Instructions for the task: Exactly the lines from the one with "七面鳥のパストラミとチーズの" through the end of the data below must be set down, and no pictures with them.

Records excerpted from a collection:
[Start of section]

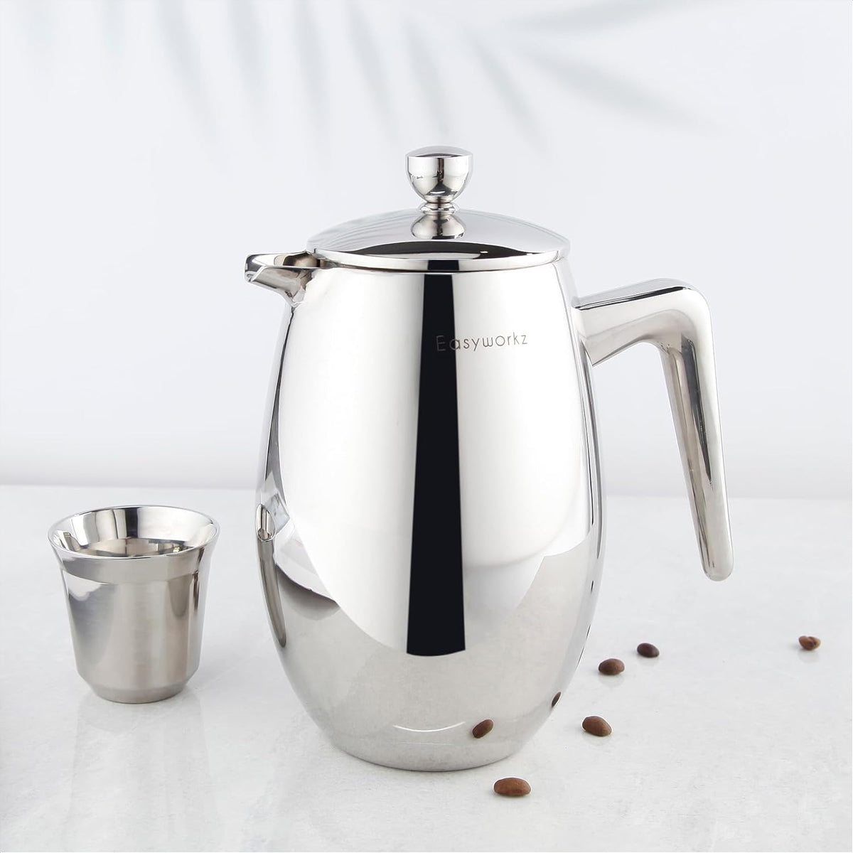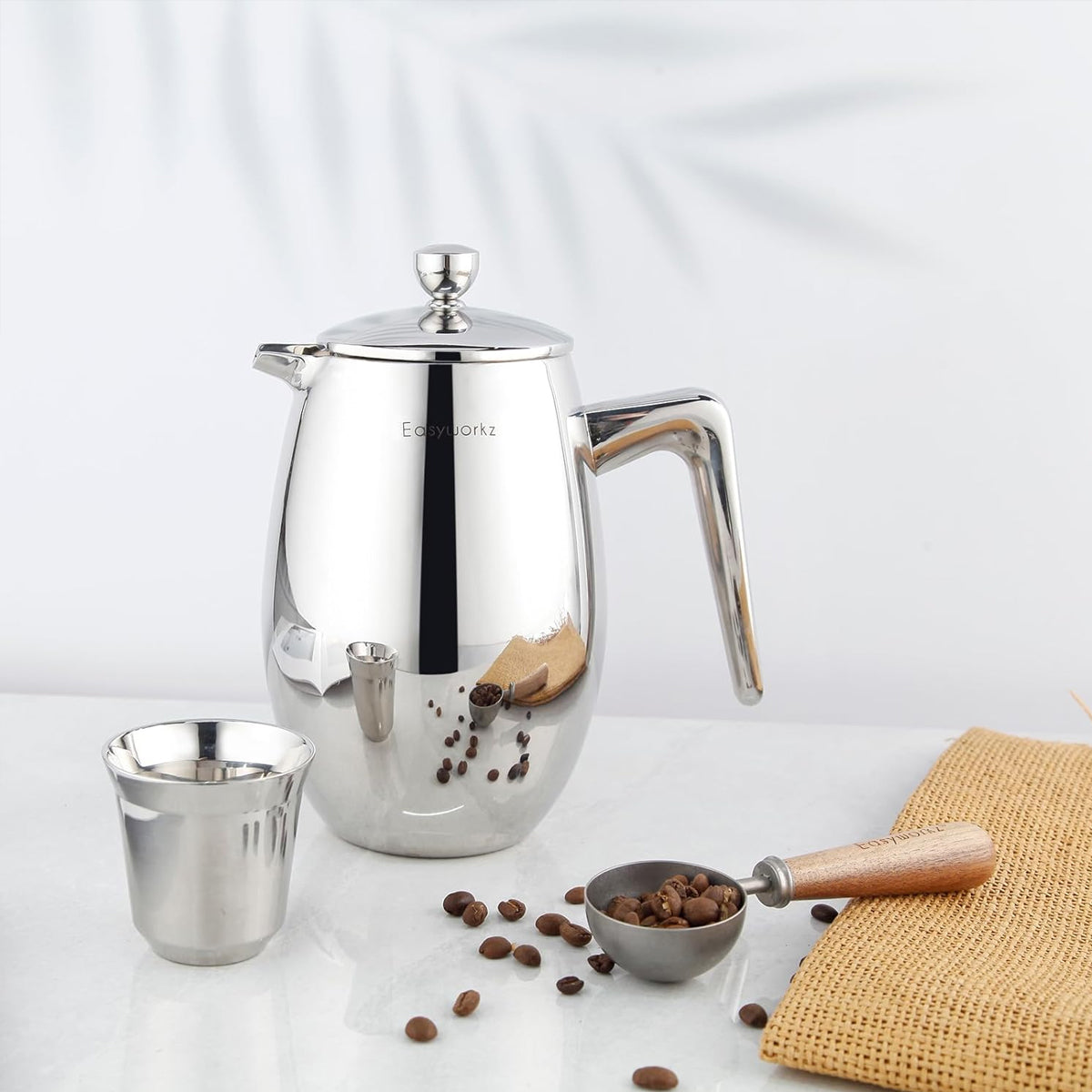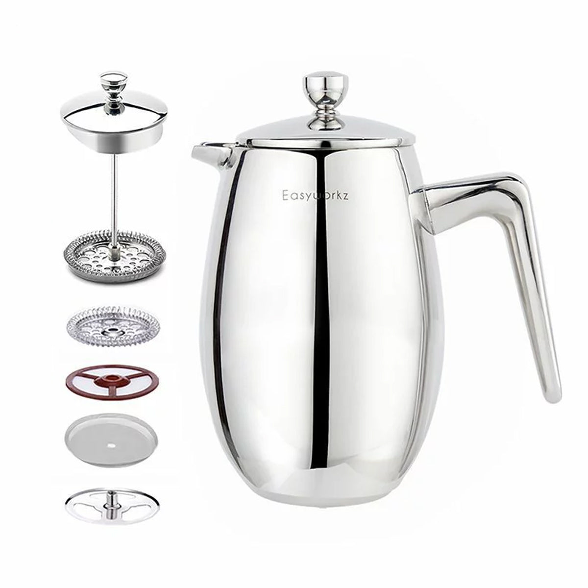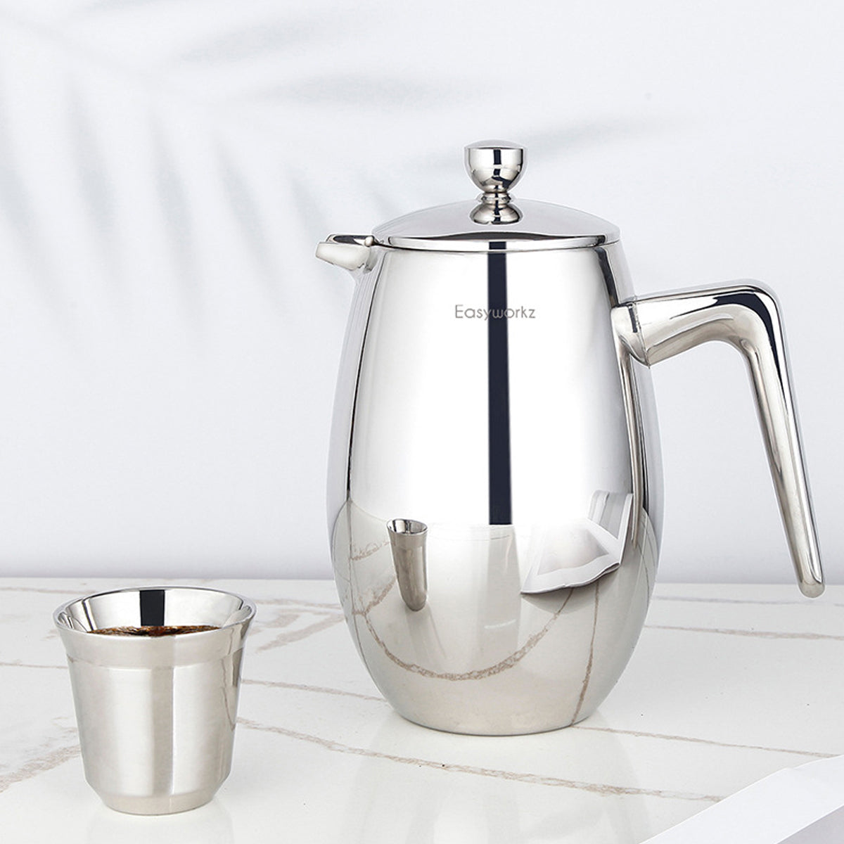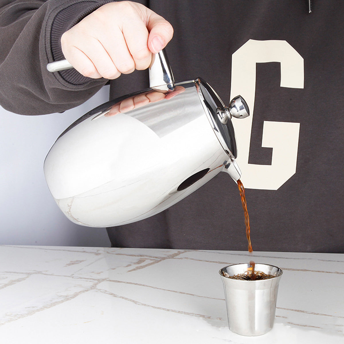 304 Stainless Steel Layer Coffee Pot Press U-Shaped Spout Home Tea Coffee Maker
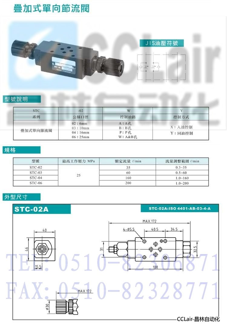 STC-02A,STC-03B,STC-06W,STC-02B,STC-03A,STC-06A,STC-02W,STC-03W,STC-06B,疊加式單向節(jié)流閥
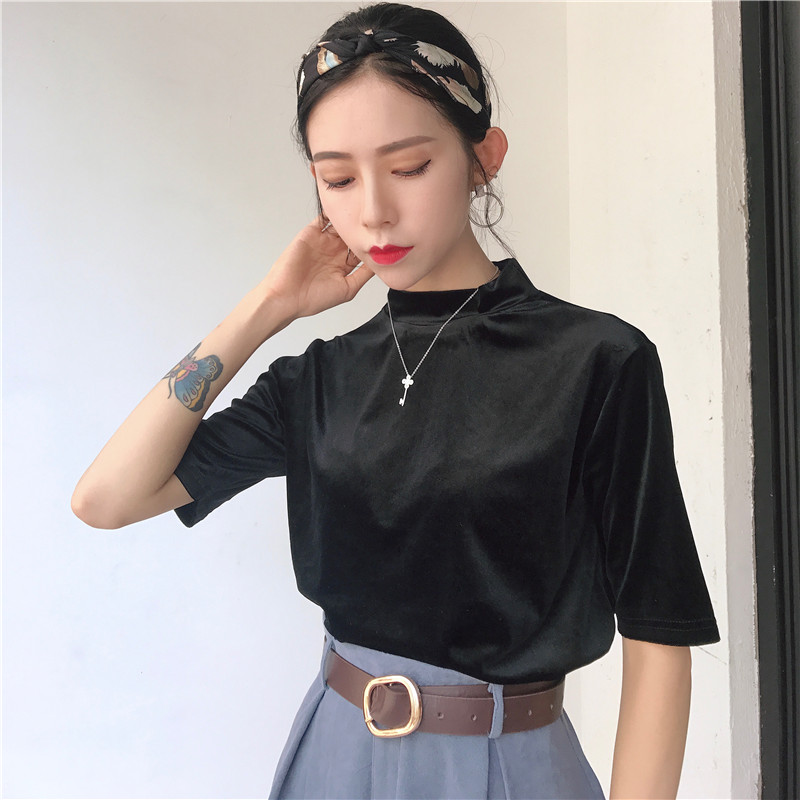 新款港味復古女純色百搭修身顯瘦上衣時尚學生休閑中長款裙送腰帶
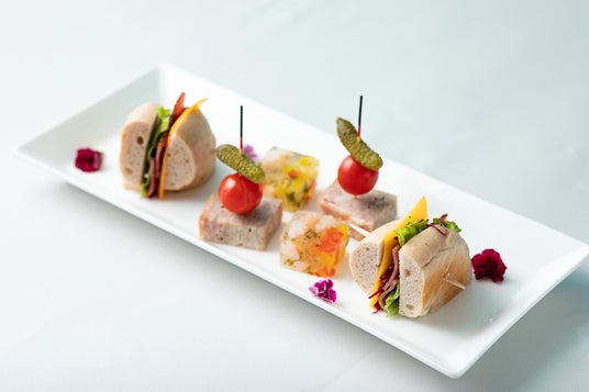 七面鳥のパストラミとチーズのベーグルサンド、海老と彩り野菜のアスピック、熊本県産りんどうポークのパテ・ド・カンパーニュ
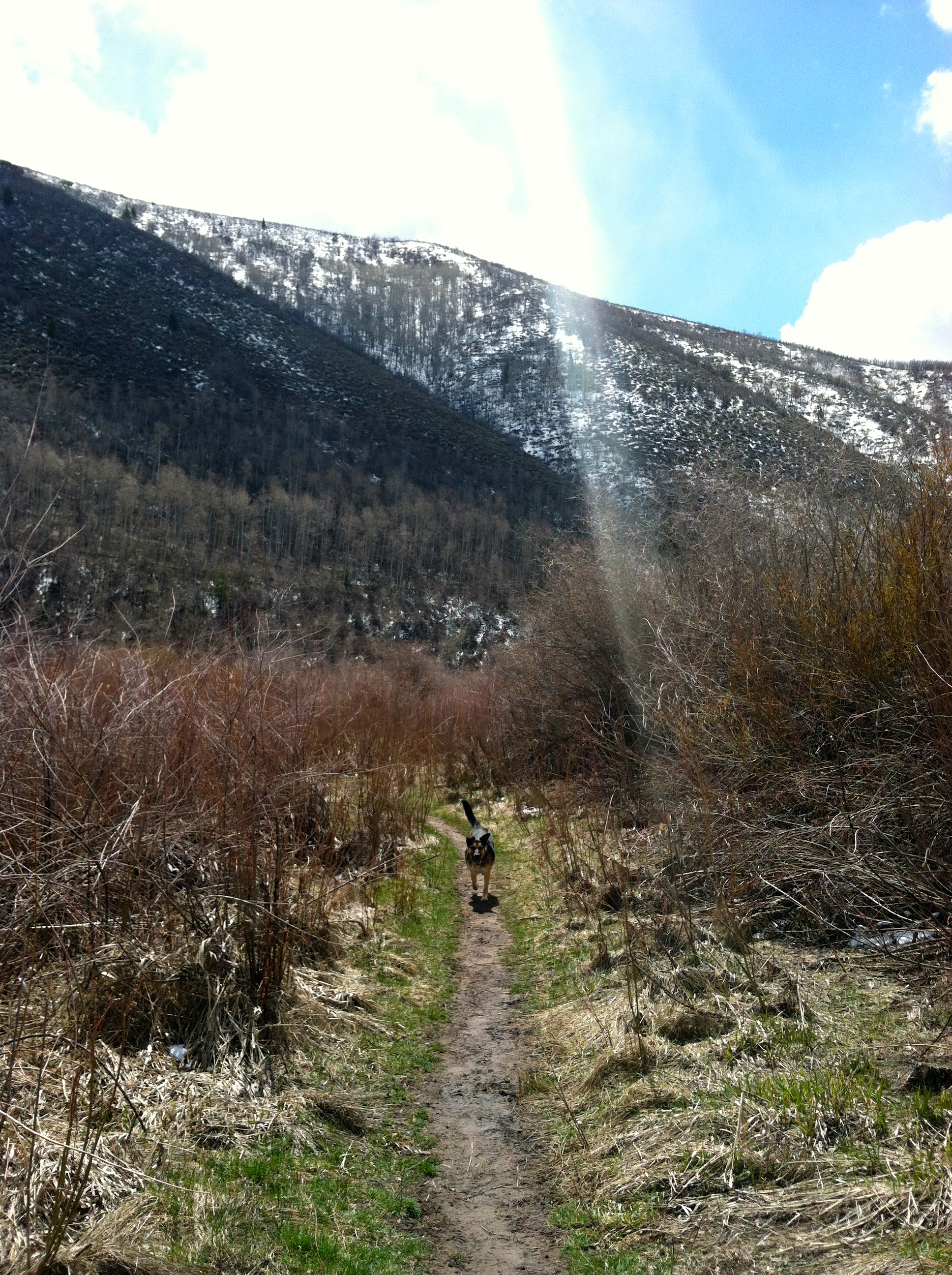 Within minutes, one thing became crystal clear: we deep into mud season. In climates like Park City’s, there’s a period of time between snowpack and green when the snow melts and everything is MUDDY. For dog-owners, these are the months when a basket of towels lives by the door to try to clean wet and filthy paws. I felt the squish-squish of my shoes as I walked and watched as Cholula’s paws turned mucky. I decided that the extra time it would take to clean up would be worth the fun we were both having. Mud comes off.
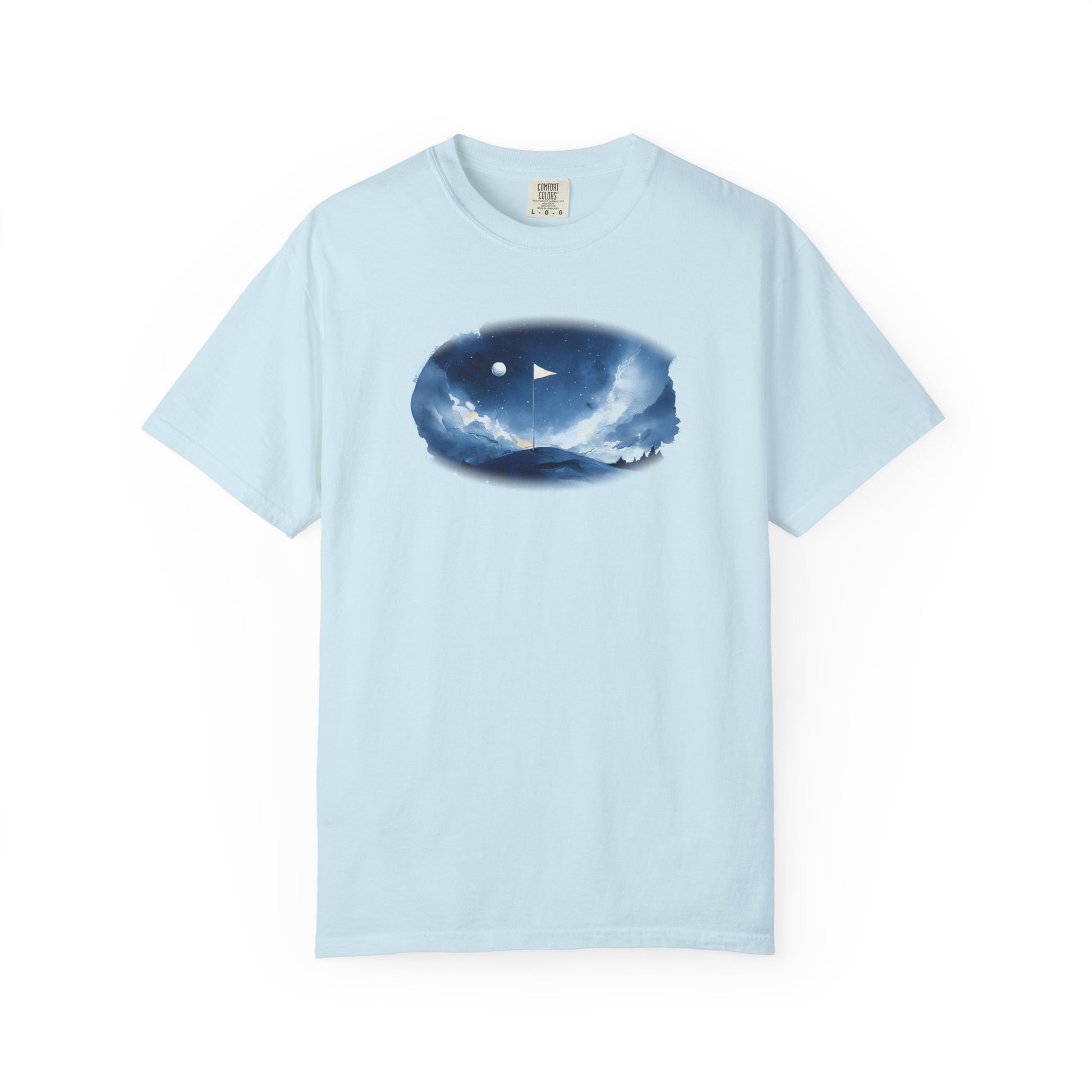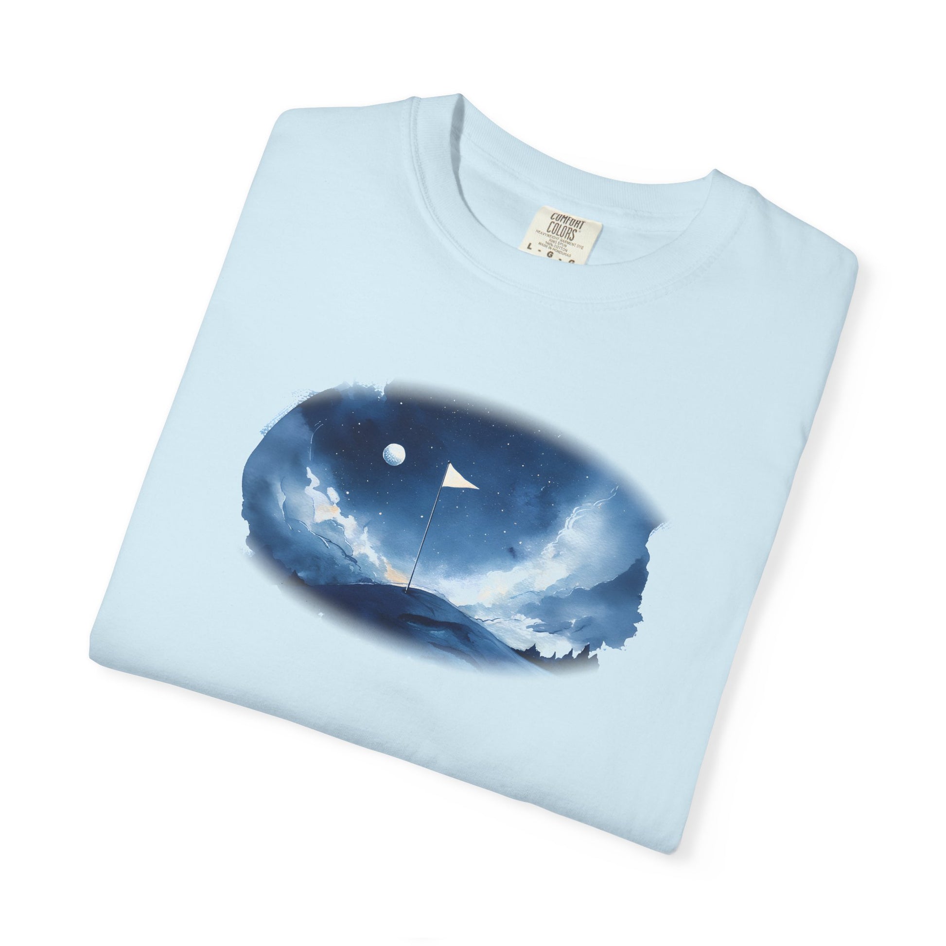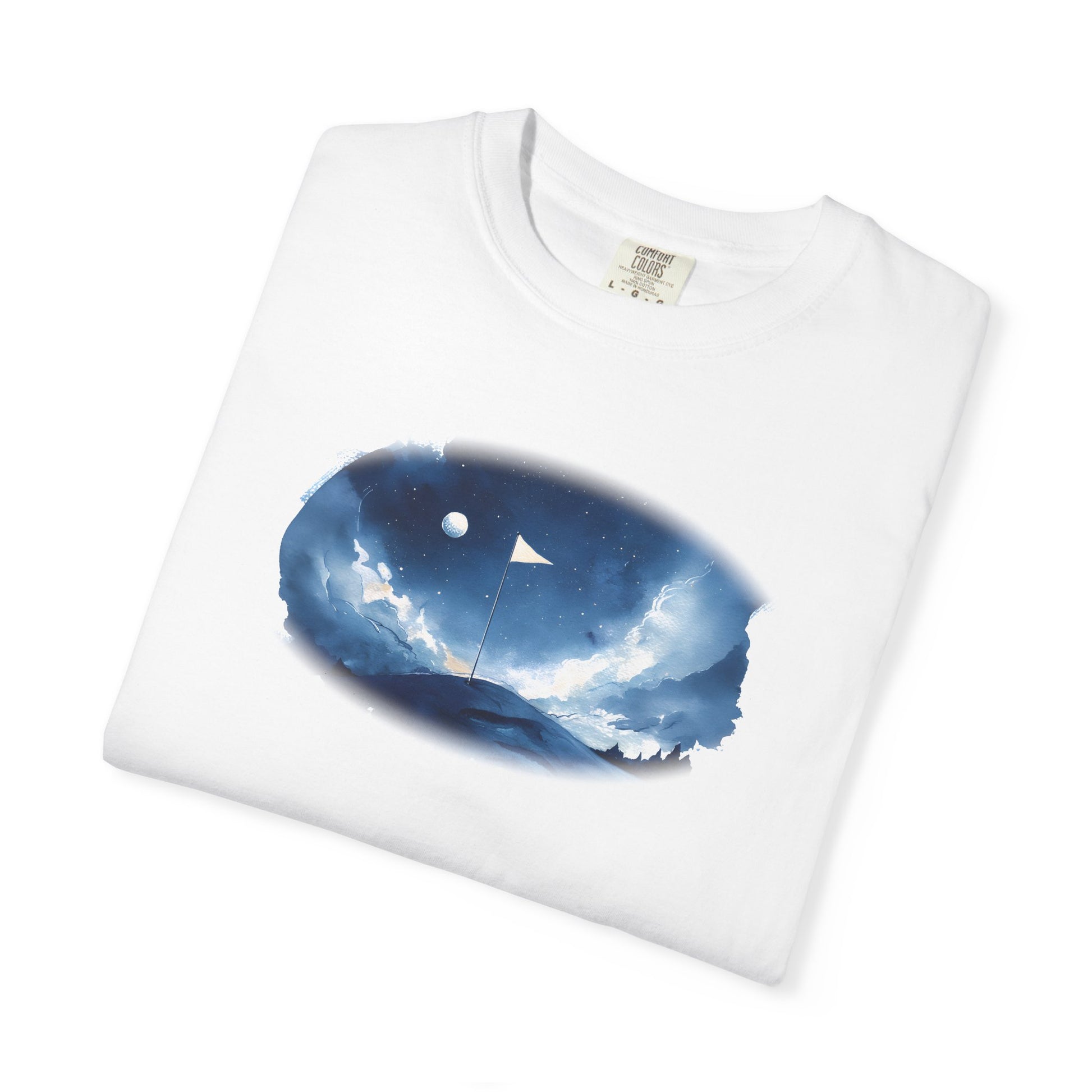 Starlit Round blends the magic of the night sky with the quiet focus of the course. A glowing moon and drifting clouds frame the silhouette of a golf flag, turning the green into a cosmic stage. Perfect for golfers who dream of playing under the stars, this shirt captures the calm beauty of twilight rounds.

[End of section]

Exercise result:
 七面鳥のパストラミとチーズのベーグルサンド、海老と彩り野菜のアスピック、熊本県産りんどうポークのパテ・ド・カンパーニュ
 Within minutes, one thing became crystal clear: we deep into mud season. In climates like Park City’s, there’s a period of time between snowpack and green when the snow melts and everything is MUDDY. For dog-owners, these are the months when a basket of towels lives by the door to try to clean wet and filthy paws. I felt the squish-squish of my shoes as I walked and watched as Cholula’s paws turned mucky. I decided that the extra time it would take to clean up would be worth the fun we were both having. Mud comes off.
 Starlit Round blends the magic of the night sky with the quiet focus of the course. A glowing moon and drifting clouds frame the silhouette of a golf flag, turning the green into a cosmic stage. Perfect for golfers who dream of playing under the stars, this shirt captures the calm beauty of twilight rounds.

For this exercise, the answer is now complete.